» Supplied data:
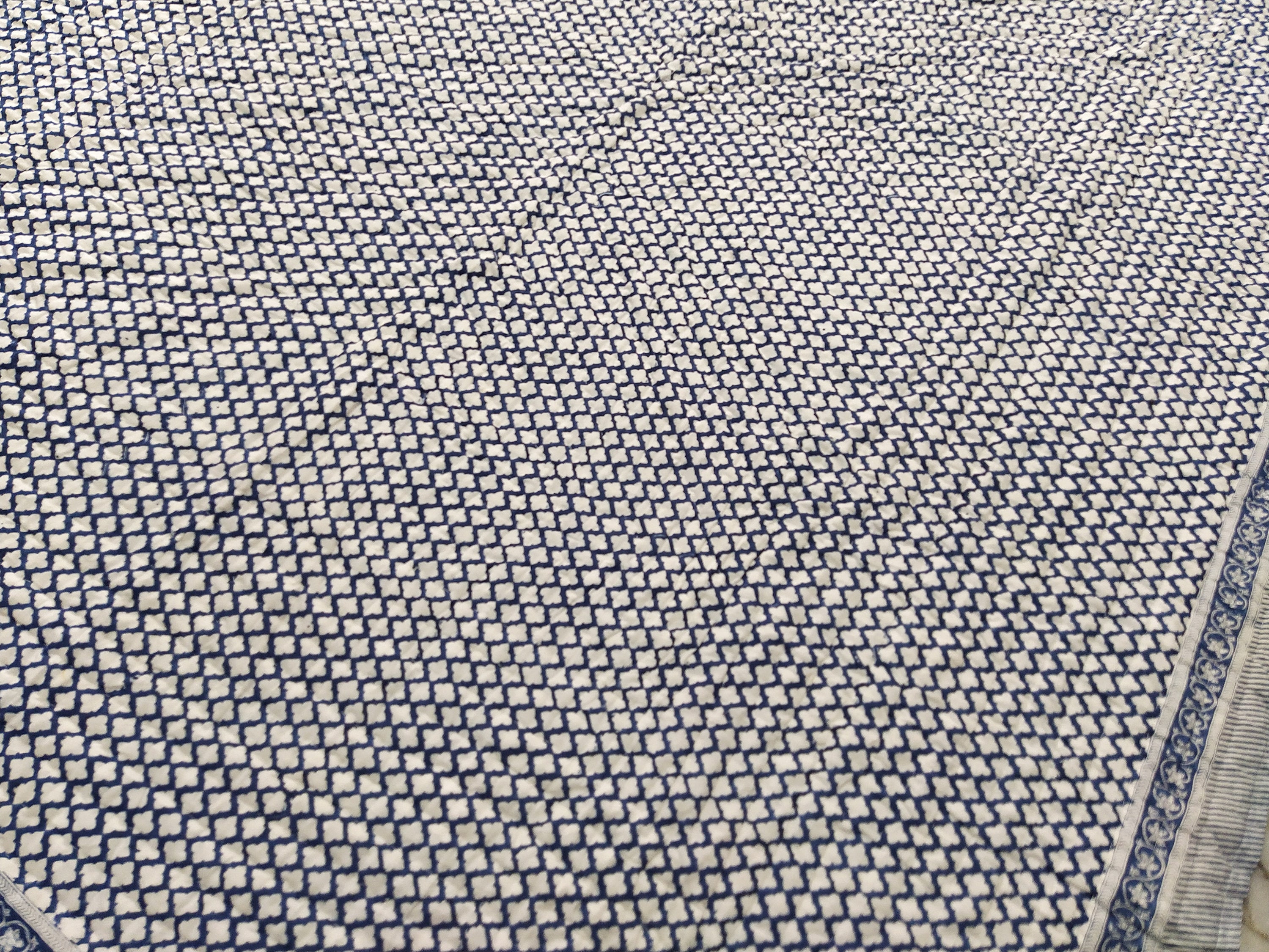 Blue Bohemian Block Print Cotton Quilt, Twin Size Handmade Bed Cover
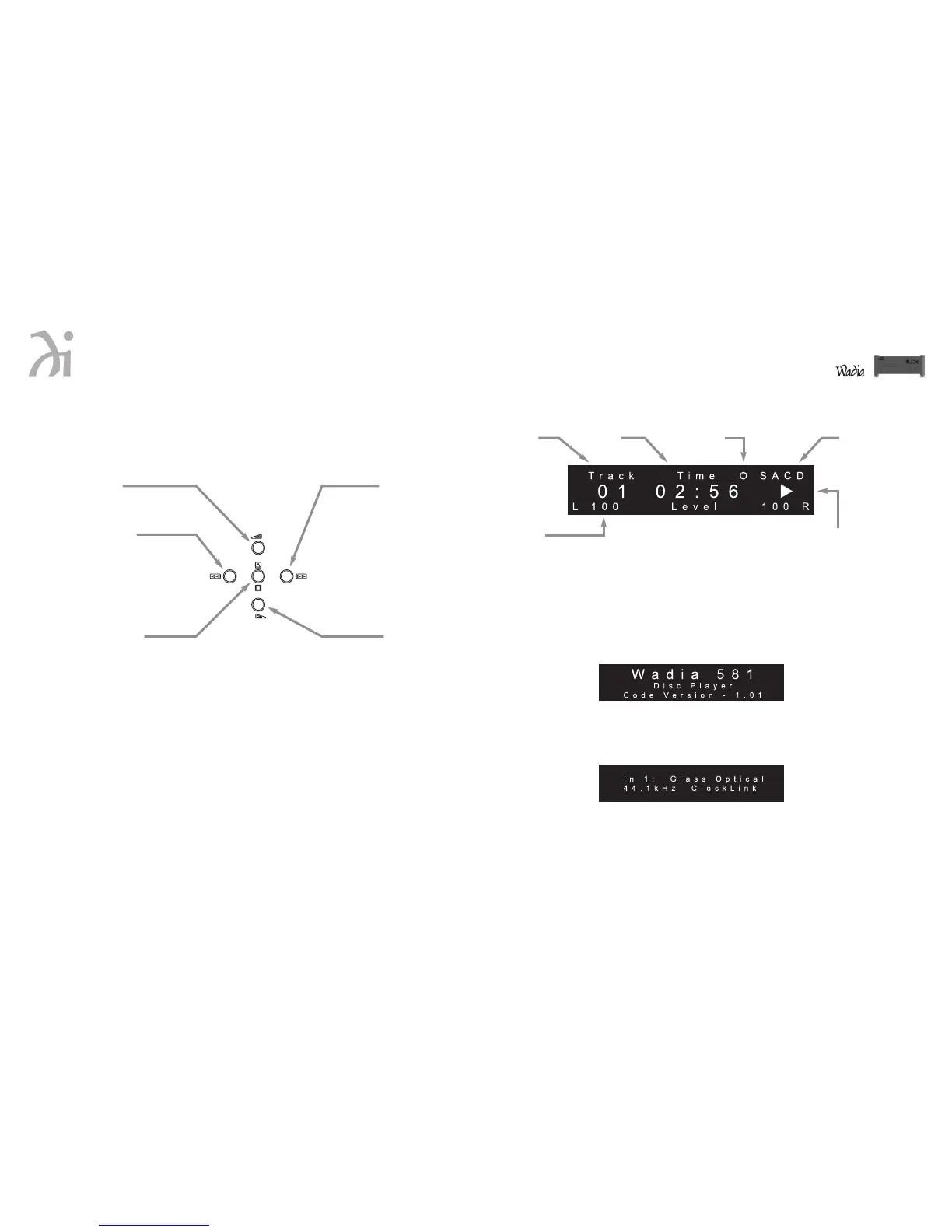 The Wadia 581 Disc Player features a large display screen. The top section shows the status of the transport.
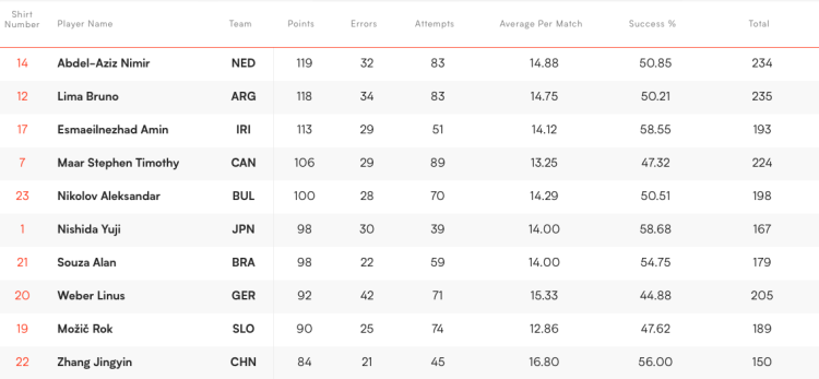 世联赛数据显示,截止到目前,张景胤已经斩获84分,其中包括首战伊朗得到16分,对阵日本拿到15分;中国男排不敌斯洛文尼亚之战,张景胤独自轰下20分。
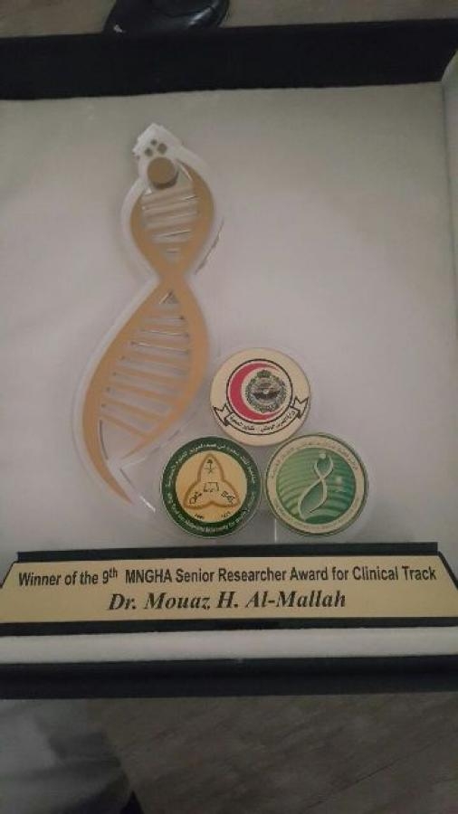 فاز الدكتور مُعاذ حسين الملاح بالمركز الأول لكبار الباحثين الأطباء للعام 2016 في مركز الملك عبدالله العالمي للأبحاث الطبية التابع للشؤون الصحية بوزارة الحرس الوطني في العاصمة السعودية – الرياض.

» Work to be completed: Extract every line of the data exactly; pictures stay out.

» Response area:
 Blue Bohemian Block Print Cotton Quilt, Twin Size Handmade Bed Cover
 The Wadia 581 Disc Player features a large display screen. The top section shows the status of the transport.
 世联赛数据显示,截止到目前,张景胤已经斩获84分,其中包括首战伊朗得到16分,对阵日本拿到15分;中国男排不敌斯洛文尼亚之战,张景胤独自轰下20分。
 فاز الدكتور مُعاذ حسين الملاح بالمركز الأول لكبار الباحثين الأطباء للعام 2016 في مركز الملك عبدالله العالمي للأبحاث الطبية التابع للشؤون الصحية بوزارة الحرس الوطني في العاصمة السعودية – الرياض.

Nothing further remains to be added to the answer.